In response to growing criticism of the Casa Esperanza homeless shelter and homeless-related crime and inconvenience, Santa Barbara Mayor Helene Schneider dusted the mothballs off the city’s subcommittee on Homelessness and Community Relations, appointed Councilmember Bendy White to fill the vacancy, and ordered it back in business. Among other things, the subcommittee has been charged with exploring the issue of hunger throughout the South Coast.

In recent months, criticism has mounted about the free lunch program offered at Casa Esperanza to shelter residents and nonresidents alike. Director Mike Foley estimated that up to 150 of the 200 free lunches Casa Esperanza serves a day go to people not staying at the shelter. Foley argues the free lunch program has been invaluable building trust with street people otherwise too distrustful to enter any rehab or social service program. Critics counter the free lunch program has been an “attractive nuisance” drawing “opportunistic vagrants” to the neighborhood.

Whether the reinvigorated subcommittee will be able to head off community unrest about homeless people remains to be seen. For now, City Attorney Steve Wiley has advised the City Council that they can’t legally reopen the shelter’s conditional-use permit — as members of the newly formed Milpas Community Association had sought. They argued that their neighborhood has been asked to absorb more than its fair share of the social burden associated with homelessness. Foley has expressed a willingness to suspend the lunch program, but only if and when a new site is secured. Members of the Planning Commission agreed, but wondered what would happen if the homeless went elsewhere throughout the city. The problem, they said, was regional in scope and could not be addressed by any one community or any one neighborhood. Agitation about the homeless is hardly restricted to Milpas Street. The Downtown Organization and the Chamber of Commerce will be holding a joint meeting to discuss the matter, arguing that street people are bad for business.
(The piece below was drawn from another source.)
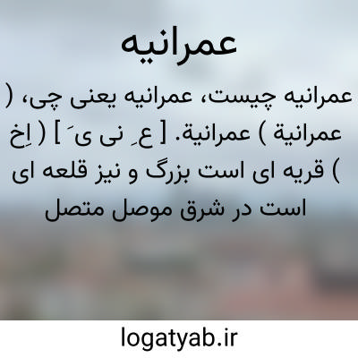 ( عمرانیة ) عمرانیة. [ ع ِ نی ی َ ] ( اِخ ) قریه ای است بزرگ و نیز قلعه ای است در شرق موصل متصل بناحیه شوش و مرج. در آن دیهها و درختهای مو وجوددارد. این قلعه اکنون مشرف به ویرانی است و از آن چیزی باقی نمانده و در آن غاری است که گویند غار داودبوده است و آن را زیارت کنند. ( از معجم البلدان ).

The council subcommittee was brought into existence two years ago over similar concerns and, in response, drafted a 12-point action plan. That included the passage of a new aggressive pandhandling ordinance as well as alternative giving program — “Real Change, Not Spare Change” — in lieu of giving to panhandlers. To date, these measures have borne little fruit. Foley said no merchants on Milpas Street currently offer customers a chance to donate to the alternative giving plan. And efforts to crack down on liquor stores selling fortified wines and malt liquor by the can have gone nowhere.